Given a list of words, the the inverse document frequency (IDF) is a basic statistic of the amount of information of each word in the text.

The IDF formulat is:

$$IDF(w) = ln(\dfrac{N}{1 + n(w)})$$

Where:

- $w$ is the token (unique word),
- $n(w)$ is the number of documents that $w$ occurs in,
- $N$ is the total number of documents

Write a function, `idf(docs)` that takes in a list of lists of words and returns a dictionary  `word -> idf score`

Example:

```
IDF([['interview', 'questions'], ['interview', 'answers']]) -> {'questions': 0.0, 
                                                                'interview': -0.4, 
                                                                'answers': 0.0}


```

In [8]:
import math as m

def idf(docs):
    emp_dict = {}
    doc_set = [set(x) for x in docs]
    N = len(doc_set)
    for doc in doc_set: #loop thru each doc
        for token in doc: #loop thru each token in doc
            emp_dict[token] = emp_dict.get(token, 0) + 1 #count num of dicts where word appears
    for k in emp_dict:
        emp_dict[k] = round(m.log((N / (1 + emp_dict[k]))), 1) #loops thru each key and then dic[key] returns value of key
    return emp_dict
    
idf([['interview', 'questions'], ['interview', 'answers']])
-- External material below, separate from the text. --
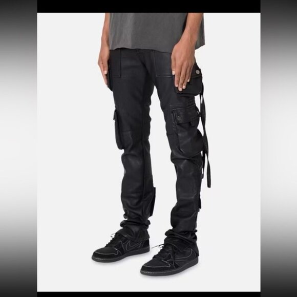 Sleek black leathered and waxed heavily black nwt rare mnml exact cut as amir! Tactical cargo pants with multiple pockets. Vegan leather string sties. Ideal for everyday wear. Flawless! Brand new ! 🆕

{'interview': -0.4, 'questions': 0.0, 'answers': 0.0}

# Stretch Goal: TF-IDF on Hamlet

The TF-IDF score is a commonly used statistic for the importance of words. Its $\frac{TF}{IDF}$ where TF is the "term frequency" (eg. how often the words happens in the document).

Calculate the TF-IDF dictionary on the Hamlet book.

What's the TF-IDF of "Hamlet"?

What's the word with the highest TF-IDF in the book?

# Stretch Goal: Speaker count

Use a regular expression and looping over the `hamlet.txt` file to build a dictionary `character_name -> # times speaking`.

Who speaks the most often? Who speaks the least often?